MP7b: Shot Boundary Detection in Videos

Due date: May 5 before midnight

Useful Files

Overview

In this machine problem, you will use the vision and speech features to develop a shot boundary detection algorithm. A shot refers to a continuous video segment without any significant content change between pairs of successive frames. Frame pairs with high content change are termed as shot boundaries. Most of the existing methods detect shot boundaries by employing some kind of distance measure and by measuring the frame-to- frame content change. A predefined threshold for the value of these distances is mostly used to detect shot boundaries.

Data

In this MP, you are going to work independently with the audio and video to determine the shot boundaries. The features that you are going to work with are

  1. Video: Primarily you are expected to use color features. For color related features, divide the image into four parts. Each pixel is represented by r, g, b values.
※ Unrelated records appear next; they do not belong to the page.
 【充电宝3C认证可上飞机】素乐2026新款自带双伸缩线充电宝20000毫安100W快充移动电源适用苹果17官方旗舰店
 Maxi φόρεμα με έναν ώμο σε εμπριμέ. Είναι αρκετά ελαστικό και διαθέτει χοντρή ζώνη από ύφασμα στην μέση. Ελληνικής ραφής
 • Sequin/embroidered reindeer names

However, you are advised to work in the normalized r, g, b domain. Define nr=r/(r+g+b), ng=g/(r+g+b). These are the two color components corresponding to each pixel. Using this, you can represent your image in terms of normalized rgb values. The advantage is that under this new representation, the color is more robust to lighting variations. For each of the four parts of the image, form a 8x8 bin histogram (the value of nr is between 0 1, divide this range into 8 parts and count the number of pixels falling in that range. ) Each of the four parts of the image can now be represented using an 8x8=64 dimensional vector and four such vectors when combined give you a 256 dimensional vectors. The distance between any two consecutive frames is now measured by taking the Euclidean distance between these two vectors (corresponding to the consecutive frames). If distance is more than some threshold (that you have to choose), then we say this pair of frames corresponds to a shot boundary.
  2. Audio: For audio, you are expected to use 12 cepstral coefficients, energy (sum of square of raw signal value) and the zero crossing rate(ZCR). Given a signal S(0),…, S(N), ZCR=sum(|sign(S(2:N))-sign(S(1:N-1))|). Form 14 dimensional feature vector and then by measuring the distance between the successive windows (with respect to this measure), try to detect the shot boundaries. In general energy term may dominate as such you may like to normalize it. Since you want to report the shot boundaries in terms of the video frames, choose the window (non-overlap windows) size appropriately.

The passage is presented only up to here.